Considering race/ethnicity exacerbates challenges to assessing complex experiences such as clinical encounters, because the construct embodies a lifelong set of experiences that can fundamentally transform how medical episodes are perceived, evaluated, or described. As a result, one potential explanation for African Americans' and Latinos' higher scores on global rating scales despite also reporting more frequent problems is that they have systematically lower expectations of medical care and thus may be more easily satisfied (Weech-Maldonado et al. 2008), in keeping with evidence that expectations affect patients' evaluations of care (Jackson, Chamberlin, and Kroenke 2001; Noble et al. 2006;). Alternatively, various racial/ethnic groups may use rating scales differently when responding to questions on experiences with care. Previous studies have found that Latino and African American respondents use health care response scales differently than white respondents (Gallagher, Fowler, and Cleary 2004; Weech-Maldonado et al. 2008; Elliott et al. 2009b;). Finally, members of different racial/ethnic groups may have systematically varying interpretations of identical interactions because they value particular aspects of these interactions in different ways.

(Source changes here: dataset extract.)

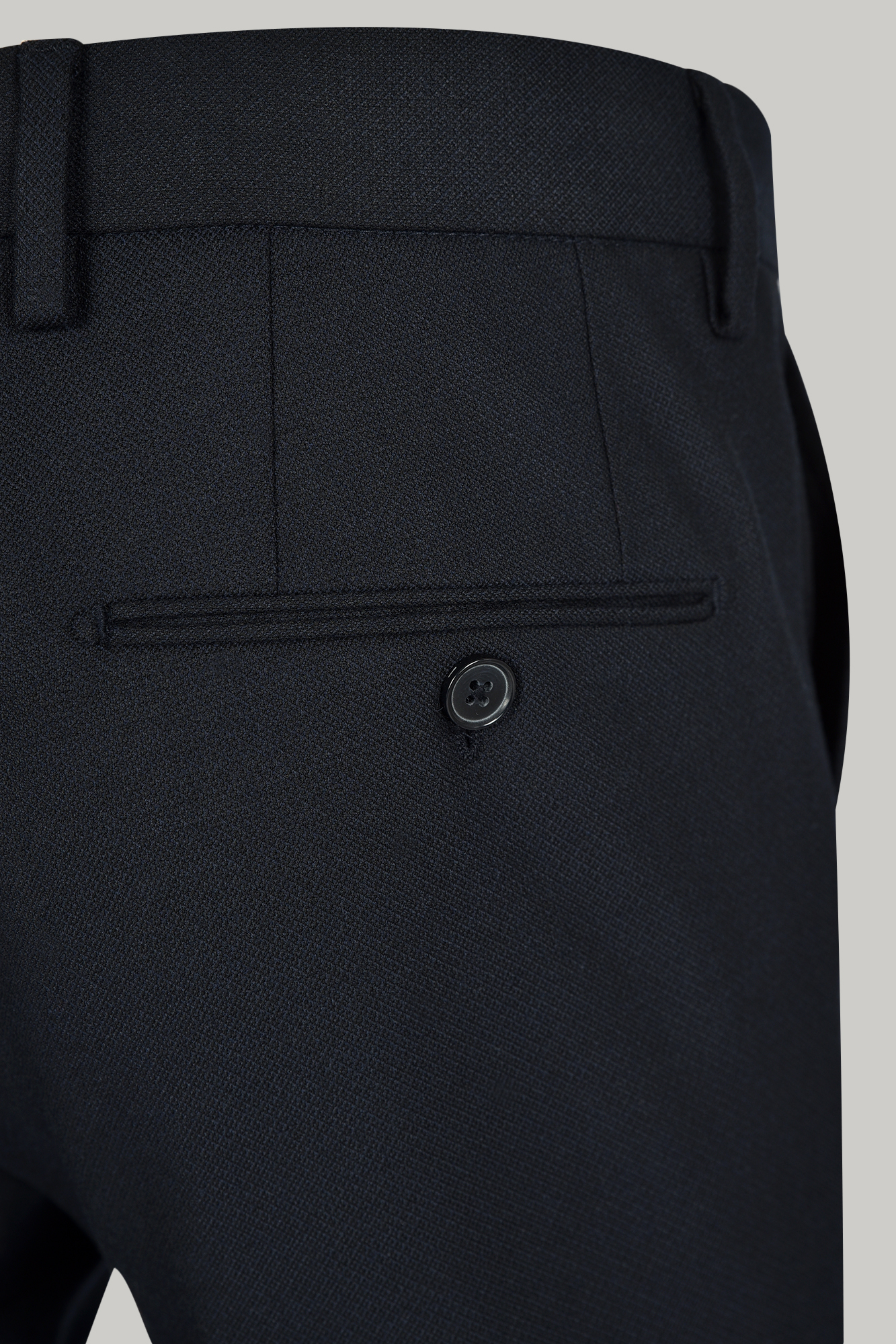 Тъмно сини елегантни спортни мъжки панталони Smart Regular 310002. Изработени от полиестер, еластан и вискоза. Предлагат се в размер 40-50.

Robust, comparable measurement of patient experiences is essential to designing effective interventions to reduce well-documented racial and ethnic disparities in health care; little progress can be made if the roles of scale use, expectations, preferences, and experiences are not clearly understood. This study was designed to assess the extent to which African American, Latino, and white respondents provide similar responses to items from the CAHPS Clinician and Group Survey in response to standardized clinical scenarios in order to clarify the interpretation of racial/ethnic differences in patient-reported real-world health care experiences. We rely in part on methodology originally developed by King et al. (2004) to assess the extent of cross-cultural incomparability in survey responses by presenting an ordered series of short vignettes and examining the extent to which different groups of individuals vary in the responses they offer to questions about the vignettes.
This study was conducted using the Knowledge Networks panel, an ongoing Internet panel based on a random digit dialing sample of the full U.S. adult population, which is designed to be nationally representative and has a 54.9 percent participation rate (Knowledge Networks No Date a). The panel provides free Web TV access for those who do not have a home Internet connection, representing lower Income adults who would otherwise be disproportionately excluded. A variety of health-related studies have used this panel and support its validity (Schlenger et al. 2002; Silver et al. 2002; Baker et al. 2003; Wagner et al. 2004;). Each individual is contacted by e-mail regarding participation in an individual survey effort. Individuals who do not complete the survey within the requested timeframe are sent e-mail reminders; if this does not generate a response, the individual receives a reminder phone call.
A random sample of 1,275 English-speaking adults was selected from the panel, stratified by race/ethnicity to obtain similar numbers of respondents from each of three racial/ethnic groups, and resulted in 567 responses (44.5 percent completion rate within the Knowledge Networks panel). Respondents included 204 white (completion rate 52.3 percent), 163 black (completion rate 36.9 percent), and 200 Latino (completion rate 45.0 percent) adults. Asians were excluded from the sample, because the panel included too few Asian members to allow for precise estimation. The study was fielded in October and November 2008.
Respondents answered questions regarding expectations, assessments of written vignettes, and assessments of a videotaped simulated physician–patient encounter. The written vignettes allowed us to efficiently expose respondents to multiple scenarios depicting a gradation of physician responsiveness to patients, which provides insight into differential use of response scales. In contrast, the video provides greater realism, and previous research has shown that people respond differently to video descriptions of health care concerns than to equivalent narrative descriptions (Volandes et al. 2007). Consequently, the video supported detailed measurement and comparison of perceptions of positive and negative aspects of physician behavior.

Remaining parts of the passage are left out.